# WOW new Radian Beryllium drivers



## jpeezy (Feb 5, 2012)

Just saw these new Beryllium drivers from radian at USSpeaker,If anybody reviews these with some horns (hopefully ES horns),I can only imagine how these things sound, 500 Hz cutoff w/24db crossover.wish i had the 2200.00 for a pair of these.


----------



## Eric Stevens (Dec 29, 2007)

They are very good but not quite a TAD.

Eric


----------



## minbari (Mar 3, 2011)

jpeezy said:


> Just saw these new Beryllium drivers from radian at USSpeaker,If anybody reviews these with some horns (hopefully ES horns),I can only imagine how these things sound, 500 Hz cutoff w/24db crossover.wish i had the 2200.00 for a pair of these.


what model? I dont see any that are $2200 a pair.

From what I know of horns, the driver doesnt have alot to do with cutoff freq though does it? the horn itself dictates how low it will play, right?


----------



## thehatedguy (May 4, 2007)

You can get the Truxent Be diaphrams for most Radian drivers now...will also fit most JBL drivers too.

So if you find a nice used pair of Radian drivers for the cheap (which they have been recently), you can swap the diaphrams. Check around and see how much the Be diaphrams are going for on their own.


----------



## Patrick Bateman (Sep 11, 2006)

jpeezy said:


> Just saw these new Beryllium drivers from radian at USSpeaker,If anybody reviews these with some horns (hopefully ES horns),I can only imagine how these things sound, 500 Hz cutoff w/24db crossover.wish i had the 2200.00 for a pair of these.


I went down that road back in the day. Did everything I could to extend the bandwidth of my horns. Made them bigger, swapped the diaphragms, etc.

IMHO, the use of multiple diaphragms works better than the use of beryllium.

JBL has gone that route with their new reference monitors; it uses a pair of diaphragms on a single compression driver.

TAD uses a coax on their top of the line, so basically two diaphragms on one waveguide. Those *are* beryllium.

Andrew Jones was on one of the hifi podcasts, and he hinted that patents are keeping him from doing certain things at Pioneer/TAD that he did at Kef previously.









JBL D2430K









TAD coax









Kef aluminum coax from the Blade speaker


The Kefs aren't too spendy; about $200. (Albeit not the same driver as the Blade, but very similar.)


----------



## Diezel10 (Dec 22, 2010)

Eric Stevens said:


> They are very good but not quite a TAD.
> 
> Eric



EXACTAMUNDO!!!!!

NOT EVEN CLOSE TO A TAD


----------



## thehatedguy (May 4, 2007)

The data Truexent has shown for the smaller diaphrams doesn't (to me) show much improvement over aluminum.

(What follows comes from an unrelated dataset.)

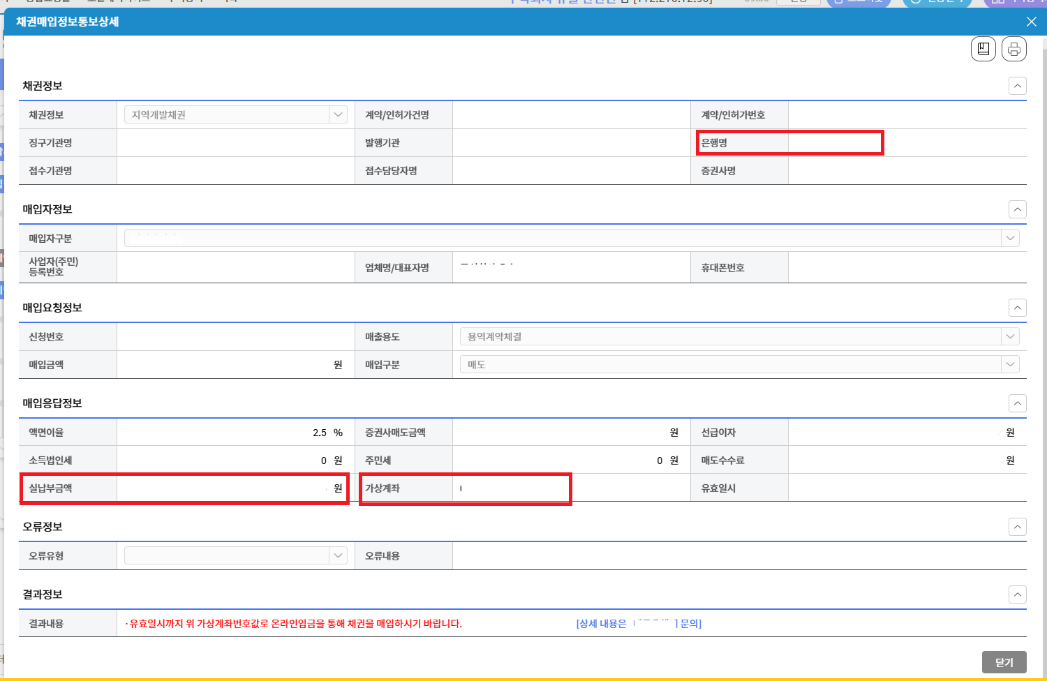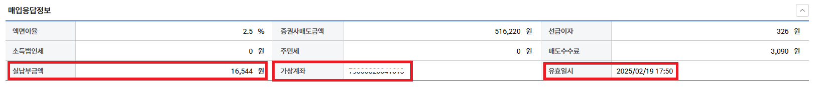 5. 매입응답정보에 보시면 가상계좌 및 이체 되어야하는 금액을 알려주십니다. 보통 신청한 일자로부터 17:50 입니다!

There is a good deal of measured differences in titanium though...audible, dunno about that one. I would bet the Be diaphrams would really shine in the large format motors...but some might say not on that one too.

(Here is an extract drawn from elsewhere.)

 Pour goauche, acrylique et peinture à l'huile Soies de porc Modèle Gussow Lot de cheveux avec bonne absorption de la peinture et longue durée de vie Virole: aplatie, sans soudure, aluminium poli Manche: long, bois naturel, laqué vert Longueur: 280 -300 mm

Eric has heard the Be diaphrams in some 2" JBL motors.


----------



## jpeezy (Feb 5, 2012)

Hey guys, I wasn't comparing these drivers to any others.I've honestly only heard a handful of different compression drivers inn my time. CD1e (I know motorola piezo,cheap,but surprisingly good sounding with tuning),some of the original ID CD-ultras,a few seleniums,Harry Kimura's acura,earls wills car,very briefly mark eldrige's toyota,and top of the line JBL syntesis HT system,so my frame of reference is somewhat limited.Really would love to hear a review of some of the top drivers that our forum members have listened to.Cause in the end,for me, its all about the joy of listening.


----------